We are a small team, most of us working for a small fraction of what we usually charge. (I, of course, am working for nothing.) If there are people out there who are capable of researching links between Vote Leave and other campaigning groups – and there is certainly strong evidence that Vote Leave intended to break spending limits – we would be grateful to receive the fruits of that research. If there are people out there who would like to fund that research I would be grateful to hear from you.

As to the remainder of the crowd-funding work, we will write to the Government later this week putting the legal case for Article 50 to be triggered by Parliament and we will publish the letter on this site.

Jolyon Maugham

Uncovering the smoking cannon:  can anyone be held accountable for untruths told and overspending during the EU Referendum campaign?

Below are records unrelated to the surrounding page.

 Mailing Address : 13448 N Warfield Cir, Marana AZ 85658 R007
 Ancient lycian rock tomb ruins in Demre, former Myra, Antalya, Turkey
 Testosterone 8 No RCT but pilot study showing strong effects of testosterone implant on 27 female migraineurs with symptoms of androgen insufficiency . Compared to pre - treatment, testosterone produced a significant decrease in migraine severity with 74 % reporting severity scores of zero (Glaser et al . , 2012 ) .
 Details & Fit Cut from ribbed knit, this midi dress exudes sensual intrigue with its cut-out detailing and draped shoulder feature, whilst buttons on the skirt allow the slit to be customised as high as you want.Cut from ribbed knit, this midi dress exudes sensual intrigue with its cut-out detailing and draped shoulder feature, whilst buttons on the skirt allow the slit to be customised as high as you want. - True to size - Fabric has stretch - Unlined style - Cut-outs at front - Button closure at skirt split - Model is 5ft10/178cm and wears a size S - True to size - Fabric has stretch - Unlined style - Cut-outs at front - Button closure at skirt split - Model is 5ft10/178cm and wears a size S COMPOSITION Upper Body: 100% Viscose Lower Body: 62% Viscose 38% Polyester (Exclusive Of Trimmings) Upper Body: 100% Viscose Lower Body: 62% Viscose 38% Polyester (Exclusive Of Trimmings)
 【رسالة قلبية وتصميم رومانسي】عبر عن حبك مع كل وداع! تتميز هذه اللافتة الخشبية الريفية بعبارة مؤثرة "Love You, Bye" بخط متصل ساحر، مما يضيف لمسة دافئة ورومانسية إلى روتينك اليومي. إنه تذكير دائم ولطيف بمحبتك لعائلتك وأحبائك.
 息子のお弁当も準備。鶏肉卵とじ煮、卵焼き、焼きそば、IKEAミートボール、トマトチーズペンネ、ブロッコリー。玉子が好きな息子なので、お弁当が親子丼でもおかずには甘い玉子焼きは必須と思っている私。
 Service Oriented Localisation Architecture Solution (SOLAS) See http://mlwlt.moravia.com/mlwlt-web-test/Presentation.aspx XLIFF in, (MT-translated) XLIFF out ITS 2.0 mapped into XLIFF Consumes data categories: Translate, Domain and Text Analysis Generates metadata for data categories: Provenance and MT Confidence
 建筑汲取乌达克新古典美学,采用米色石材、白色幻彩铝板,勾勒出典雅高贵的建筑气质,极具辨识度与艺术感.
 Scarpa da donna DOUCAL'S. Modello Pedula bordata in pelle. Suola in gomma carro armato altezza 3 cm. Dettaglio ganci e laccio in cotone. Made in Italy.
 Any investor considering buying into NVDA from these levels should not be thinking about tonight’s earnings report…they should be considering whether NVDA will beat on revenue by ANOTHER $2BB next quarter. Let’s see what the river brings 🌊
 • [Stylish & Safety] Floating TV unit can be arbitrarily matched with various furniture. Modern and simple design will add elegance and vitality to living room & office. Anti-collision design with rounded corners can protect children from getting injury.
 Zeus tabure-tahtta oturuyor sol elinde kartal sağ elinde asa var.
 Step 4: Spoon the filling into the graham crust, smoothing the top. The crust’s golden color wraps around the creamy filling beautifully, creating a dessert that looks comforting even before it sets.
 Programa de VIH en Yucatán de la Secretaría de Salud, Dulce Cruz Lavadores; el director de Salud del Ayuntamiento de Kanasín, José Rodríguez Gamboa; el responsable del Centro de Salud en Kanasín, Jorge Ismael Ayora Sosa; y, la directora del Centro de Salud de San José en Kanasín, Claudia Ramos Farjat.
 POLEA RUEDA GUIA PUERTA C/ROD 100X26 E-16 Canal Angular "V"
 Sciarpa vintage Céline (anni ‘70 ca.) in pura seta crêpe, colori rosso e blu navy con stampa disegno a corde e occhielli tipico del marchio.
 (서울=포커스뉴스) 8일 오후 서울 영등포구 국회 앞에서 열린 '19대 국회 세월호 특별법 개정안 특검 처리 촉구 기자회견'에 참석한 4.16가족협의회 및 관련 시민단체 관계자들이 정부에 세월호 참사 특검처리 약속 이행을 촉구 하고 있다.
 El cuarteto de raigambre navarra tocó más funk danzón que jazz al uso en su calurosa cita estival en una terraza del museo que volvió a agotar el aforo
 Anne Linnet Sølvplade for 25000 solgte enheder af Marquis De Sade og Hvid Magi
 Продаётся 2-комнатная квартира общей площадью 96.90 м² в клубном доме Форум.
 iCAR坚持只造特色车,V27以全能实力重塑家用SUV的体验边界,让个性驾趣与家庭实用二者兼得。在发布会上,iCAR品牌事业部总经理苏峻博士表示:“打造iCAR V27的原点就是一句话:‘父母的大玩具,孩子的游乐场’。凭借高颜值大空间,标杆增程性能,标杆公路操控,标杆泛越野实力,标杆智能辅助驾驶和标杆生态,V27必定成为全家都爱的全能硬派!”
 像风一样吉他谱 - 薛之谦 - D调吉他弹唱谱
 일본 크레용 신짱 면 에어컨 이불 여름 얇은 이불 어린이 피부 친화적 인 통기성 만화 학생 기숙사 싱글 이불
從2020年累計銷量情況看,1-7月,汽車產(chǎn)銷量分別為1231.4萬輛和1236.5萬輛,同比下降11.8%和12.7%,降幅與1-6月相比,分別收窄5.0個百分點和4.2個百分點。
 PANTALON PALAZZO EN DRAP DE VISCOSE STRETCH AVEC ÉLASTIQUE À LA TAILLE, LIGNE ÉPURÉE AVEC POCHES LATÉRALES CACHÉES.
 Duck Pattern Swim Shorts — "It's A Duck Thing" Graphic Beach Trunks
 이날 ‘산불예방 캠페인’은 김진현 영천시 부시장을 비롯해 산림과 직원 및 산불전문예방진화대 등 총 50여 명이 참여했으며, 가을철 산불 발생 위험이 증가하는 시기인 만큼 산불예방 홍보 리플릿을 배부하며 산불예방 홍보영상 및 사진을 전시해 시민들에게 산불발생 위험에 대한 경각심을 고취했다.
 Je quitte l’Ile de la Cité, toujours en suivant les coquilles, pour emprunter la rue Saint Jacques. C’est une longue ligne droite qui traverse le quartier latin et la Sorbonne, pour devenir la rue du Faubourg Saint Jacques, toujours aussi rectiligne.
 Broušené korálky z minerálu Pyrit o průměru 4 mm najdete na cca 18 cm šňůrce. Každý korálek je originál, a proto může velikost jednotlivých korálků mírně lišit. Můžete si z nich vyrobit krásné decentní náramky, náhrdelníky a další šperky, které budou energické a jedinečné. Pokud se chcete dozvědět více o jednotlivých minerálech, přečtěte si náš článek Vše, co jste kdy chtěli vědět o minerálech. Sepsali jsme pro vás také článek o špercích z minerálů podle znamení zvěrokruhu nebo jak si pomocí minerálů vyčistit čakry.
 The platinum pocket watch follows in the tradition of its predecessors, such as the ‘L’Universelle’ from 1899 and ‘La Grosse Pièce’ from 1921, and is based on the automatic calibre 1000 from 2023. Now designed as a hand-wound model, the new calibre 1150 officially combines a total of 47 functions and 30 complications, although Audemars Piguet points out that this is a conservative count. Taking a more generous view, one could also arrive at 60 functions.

In the aftermath of the EU Referendum, many have expressed the view that the outcome would, or at least could,  have been different had the Leave campaign being conducted differently.  It has also been suggested that there may have been overspending in breach of the strict rules for Designated Organisations, which receive a public subsidy for their campaigns, and by other campaigners.  What, if any, remedies does the law provide? There will be few lawyers have not been asked this question over the last week but the answer is not straightforward.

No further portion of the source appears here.